Indirect Victims of Savagery

By Chip RossettiNovember 21, 2018

Indirect Victims of Savagery

Baghdad Noir by Samuel Shimon

“ALL IRAQIS WILL READILY agree that their life has always been noir,” says editor Samuel Shimon in his introduction to Baghdad Noir, one of the two latest volumes in Akashic Books’s globe-spanning “Noir” series (the other being Marrakech Noir, edited by Yassin Adnan and released on the same day, although covering cities at the opposite ends of the Arab world). But while the oppression and violence that have marked Iraq’s recent history furnish plenty of grimness for the mood associated with noir fiction and film, the genre is distinctly American in origin, from black-and-white Hollywood movies of sin and betrayal to Philip Marlowe’s jaded outlook on human nature. As Shimon points out in his introduction, the Iraqi authors he approached were less directly familiar with the genre, and Baghdad Noir is the first collection of Iraqi crime fiction that he is aware of. [1] So, tasked with commissioning the 14 stories included in this volume, he arranged to translate into Arabic a story by the late Maggie Estep that was published in Akashic’s early Queens Noir collection, and sent the translation to the writers as a model of noir style to follow.

As a result, the contributors have found ways to make this genre their own. What is surprising here is the breadth of settings and eras for these stories, ranging from 1950, during the relatively stable period of the Hashemite monarchy, through the paranoid years of Ba’athist rule, the sanctions era of the 1990s, and the violent years after 2003, up to the more recent threat of terrorism embodied by Daesh’s (ISIS) draconian rule over Iraq’s north.

Ten of the authors represented here are Iraqi; the other four are American, Iranian, Tunisian, and Lebanese. Shimon has managed to secure stories from some of the most prominent Iraqi authors now writing, such as Ahmed Saadawi, Sinan Antoon, Muhsin al-Ramli, and Ali Bader.

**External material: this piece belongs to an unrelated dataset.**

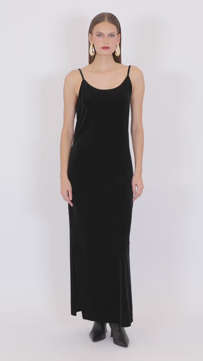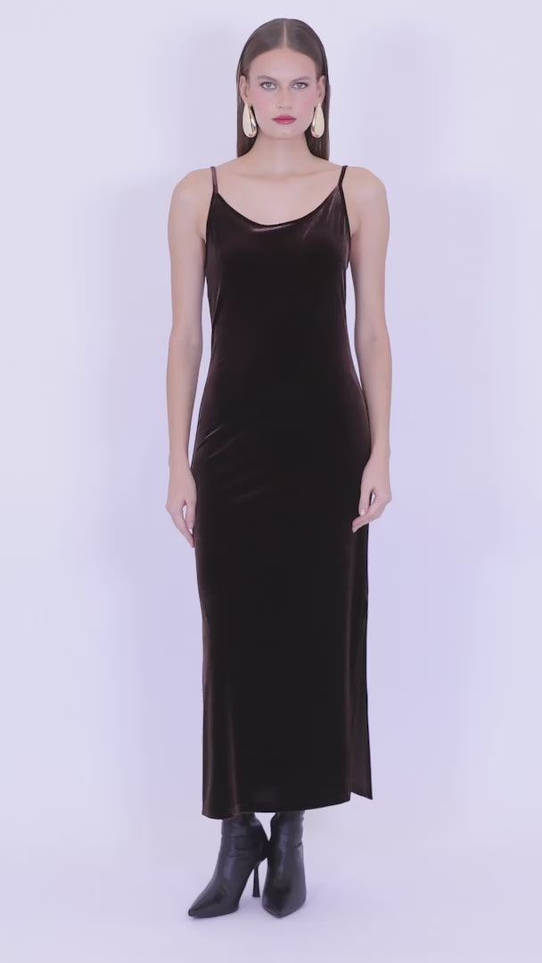Velvet Strappy Dress with Slit Detail

Of the four women writers in the book, only two are Iraqi: it would have been interesting to see prominent Iraqi women writers like Inaam Kachachi or Dunya Mikhail try their hand at noir. I was unfamiliar with several of these contributors, and it speaks to their talents that these stories piqued my interest to track down their full-length novels.

Noir is a broad category — it may refer primarily to a story’s general mood, or it can refer to specific plot elements. For this collection, some of the contributors wrote their noir as stories of murder and the search for a killer. Muhsin al-Ramli, perhaps best known for his 2012 novel Hada’iq al-Ra’is (published in English as The President’s Gardens), opens the collection with a whodunit set in an apartment building in Baghdad during the American occupation. It begins with the discovery of a murdered young woman in the courtyard of the building, which has been locked down after the night’s curfew. It’s a classic closed environment as the house’s occupants eye each other warily, knowing that the killer must be among them. Al-Ramli has a flair for evoking urban squalor (the neighborhood carries “smoke from piles of putrid, smoldering garbage mixed with the scent of grilled meat and spices”) and corruption (the police are “good for nothing except taking bribes”), while the story peels back the layers of lust, politics, and mixed motives that lead to murder.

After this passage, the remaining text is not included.